Difficulties arise when we do not think of people and machines as collaborative systems, but assign whatever tasks can be automated to the machines and leave the rest to people. This ends up requiring people to behave in machine like fashion, in ways that differ from human capabilities. We expect people to monitor machines, which means keeping alert for long periods, something we are bad at. We require people to do repeated operations with the extreme precision and accuracy required by machines, again something we are not good at. When we divide up the machine and human components of a task in this way, we fail to take advantage of human strengths and capabilities but instead rely upon areas where we are genetically, biologically unsuited.

The result is that at the moments when we expect the humans to act, we have set them up for failure:

We design equipment that requires people to be fully alert and attentive for hours, or to remember archaic, confusing procedures even if they are only used infrequently, sometimes only once in a lifetime. We put people in boring environments with nothing to do for hours on end, until suddenly they must respond quickly and accurately. Or we subject them to complex, high-workload environments, where they are continually interrupted while having to do multiple tasks simultaneously. Then we wonder why there is failure.

And:

Automation keeps getting more and more capable. Automatic systems can take over tasks that used to be done by people, whether it is maintaining the proper temperature, automatically keeping an automobile within its assigned lane at the correct distance from the car in front, enabling airplanes to fly by themselves from takeoff to landing, or allowing ships to navigate by themselves. When the automation works, the tasks are usually done as well as or better than by people. Moreover, it saves people from the dull, dreary routine tasks, allowing more useful, productive use of time, reducing fatigue and error. But when the task gets too complex, automation tends to give up. This, of course, is precisely when it is needed the most. The paradox is that automation can take over the dull, dreary tasks, but fail with the complex ones.

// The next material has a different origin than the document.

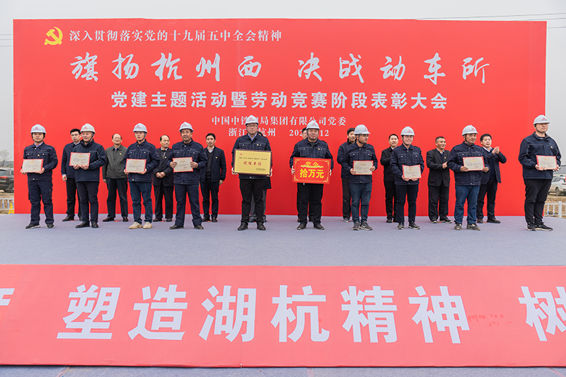 大会表彰了“决战动车所”专项劳动竞赛获奖单位、集体和个人,公司湖杭铁路五分部荣获“优胜单位”荣誉称号,项目工程部荣获“先进集体”称号,朱和林、杨慷获“先进个人”称号,林淋获“优秀共产党员”称号。

When automation fails, it often does so without warning. … When the failure occurs, the human is “out of the loop.” This means that the person has not been paying much attention to the operation, and it takes time for the failure to be noticed and evaluated, and then to decide how to respond.

There is an increasing catalogue of these types of failures. Air France flight 447, which crashed into the Atlantic in 2009, is a classic case. The autopilot suddenly handed to the pilots an otherwise well-functioning plane due to an airspeed indicator problem, leading to disaster. But perhaps this new type of failure is an acceptable result of the overall improvement in system safety or performance.

This human-machine mismatch is also a theme in Charles Perrow’s Normal Accidents. Perrow notes that many systems are poorly suited to human psychology, with long periods of inactivity interspersed by bunched workload. The humans are often pulled into the loop just at the moments things are starting to go wrong. The question is not how much work humans can safely do, but how little.